Number of documents in the vector store: 1829


In [17]:
# Updated metadata field info to match the new column names
metadata_field_info = [
    AttributeInfo(
        name="para_id",
        description="Paragraph ID of the section",
        type="string",
    ),
    AttributeInfo(
        name="title",
        description="Title of the article",
        type="string",
    ),
    AttributeInfo(
        name="last_section_title",
        description="Title of the section so it is connected to paragraph",
        type="string",
    ),
    AttributeInfo(
        name="paragraph",
        description="Content of the paragraph",
        type="string",
    ),
    AttributeInfo(
        name="ent_id",
        description="Entities mentioned in the paragraph",
        type="string or list[string]",
    ),
    AttributeInfo(
        name="level3",
        description="More general entities mentioned in the paragraph",
        type="string or list[string]",
    )
]

# Description of the document content
document_content_description = "Brief summary of the article, including paragraph content and entities from the text"


In [18]:
# Initialize the SelfQueryRetriever
retriever = SelfQueryRetriever.from_llm(
    llm=chat,
    vectorstore=vectorstore2,
    document_contents=document_content_description,
    metadata_field_info=metadata_field_info
)

In [11]:
query = "Which sections titles does article Nature and Nurture: The Impact of Automaticity on Virtual Team Behavior and Performance has"
results = retriever.get_relevant_documents(query)

  warn_deprecated(


In [12]:
# Print results
if not results:
    print("No results found.")
else:
    for result in results:
        print(result.page_content)
        print(result.metadata)

No results found.


In [19]:
# Assuming the setup and initialization are already done and the necessary imports are available

# Define the custom prompt template
custom_prompt_template = """Use the following pieces of information to answer the user's question. Always answer the question as if you were a human and in full sentance. If you don't know the answer, just say that you don't know, don't try to make up an answer. Only use information from the datasource.

Context: {context}
Question: {question}

Only return the helpful answer below and nothing else.
Helpful answer:
"""

# Function to generate the fluent output using the LLM
def generate_fluent_output(query, retriever, chat, custom_prompt_template):
    results = retriever.get_relevant_documents(query)
    
    # Combine the contents and metadata of the results
    combined_content = "\n\n".join([f"{doc.page_content}\nMetadata: {doc.metadata}" for doc in results])
    
    # Create a prompt for the LLM to transform the output
    formatted_prompt = custom_prompt_template.format(context=combined_content, question=query)
    messages = [
        HumanMessage(content=formatted_prompt)
    ]
    
    # Get the LLM response
    response = chat(messages)
    fluent_output = response.content
    
    # Print the fluent output
    print(fluent_output)


In [23]:
# Your query
query = "Which entities are in article Nature and Nurture: The A Temporally Situated Self-Agency Theory of Information Technology Reinvention."

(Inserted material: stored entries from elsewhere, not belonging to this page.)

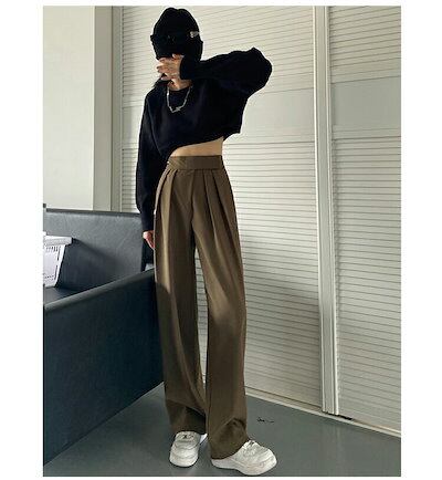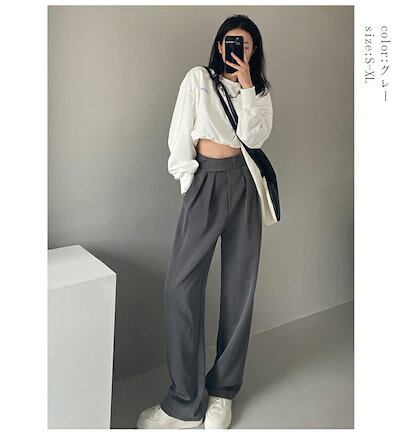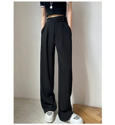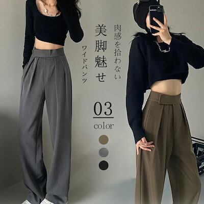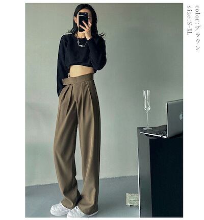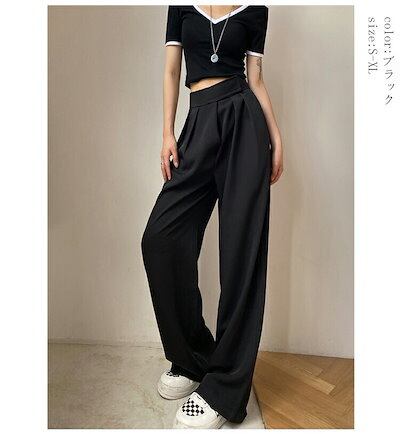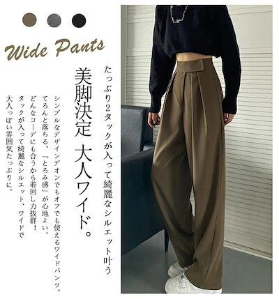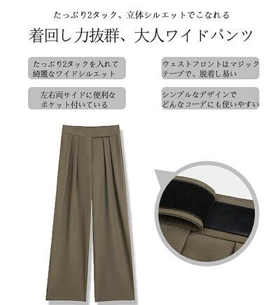 タックワイドパンツ レディース ワイドパンツ 大きいサイズ きれいめ ボトムス ストレートパンツ 黒 美脚 マジックテープ 履きやすい リラックス カジュアルパンツ タック 美シルエッ
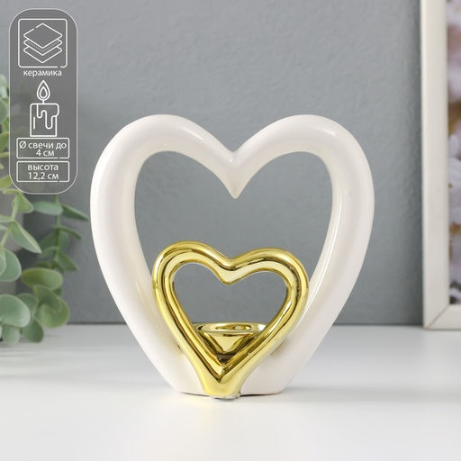 • Подсвечник на 1 свечу Сердце в сердце, белое с золотом, 12.7?5.5?12.2 см
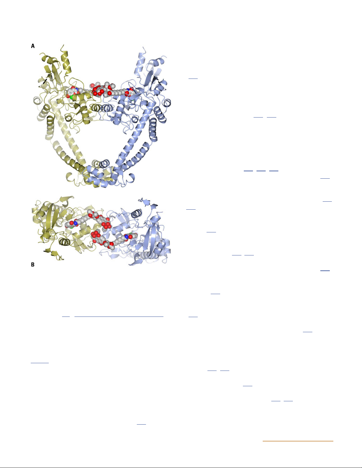 gold and blue (ribbon representation), and the bound simocyclinone
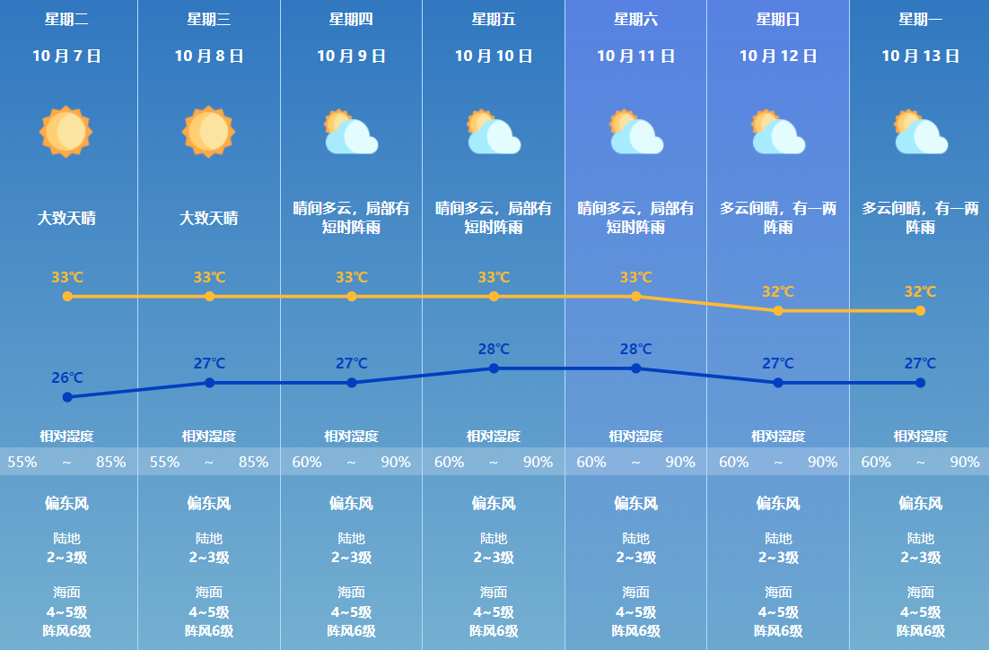 随着台风离开,广东天气热晴回归!预计,未来几天广东天气以多云为主,有分散(雷)阵雨,大部市县最高气温介于33~36℃,体感炎热。

# Generate and print the fluent output
generate_fluent_output(query, retriever, chat, custom_prompt_template)


The entities mentioned in the article "Nature and Nurture: The A Temporally Situated Self-Agency Theory of Information Technology Reinvention" are not explicitly stated.


In [72]:
query = "Does this article has technology adoptation in keywords: The Integrative Framework of Technology Use: An Extension and Test?"

# Generate and print the fluent output
generate_fluent_output(query, retriever, chat, custom_prompt_template)

No, the article does not have "technology adoption" in its keywords, but it does have "technology use" and "continued use".